The proposal to drop value‑added tax on basic foods would give every household a modest monthly relief, economists say. Economic researcher Tobias Hentze from the German Economic Institute (IW) estimates that, depending on household size and shopping habits, households could save about €15 to €30 each month. On the other hand, he warns that the state would lose as much as €16 billion per year in tax revenue.
Tax specialist Friedrich Heinemann of the German Institute for Economic Research (ZEW) arrives at a similar conclusion. He estimates that individuals would save roughly €15 to €20 per month, while the government would see a roughly €17 billion annual loss.
Both researchers doubt that the full 7 % to 0 % cut would be fully passed on to consumers.
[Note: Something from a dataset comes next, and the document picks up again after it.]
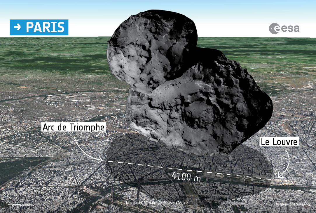 Comparing comet 67P/Churyumov-Gerasimenko with the city of Paris.

Heinemann says that only about half to three‑quarters of the tax reduction would translate into lower prices for shoppers. Hentze points out that many affected products would see only a few cents price change, so merchants might absorb part of the cut, and that any savings would diminish quickly as higher production or wage costs are passed back into prices.
German Chancellor‑candidate Jens Spahn (CDU) has floated a complete elimination of the tax on staple foods. He says that, as part of a broader package, a zero‑percent VAT on essential groceries could help curb inflation, which he argues is rising again amid the cost‑driven pressures of the Iran conflict and higher oil and fuel prices.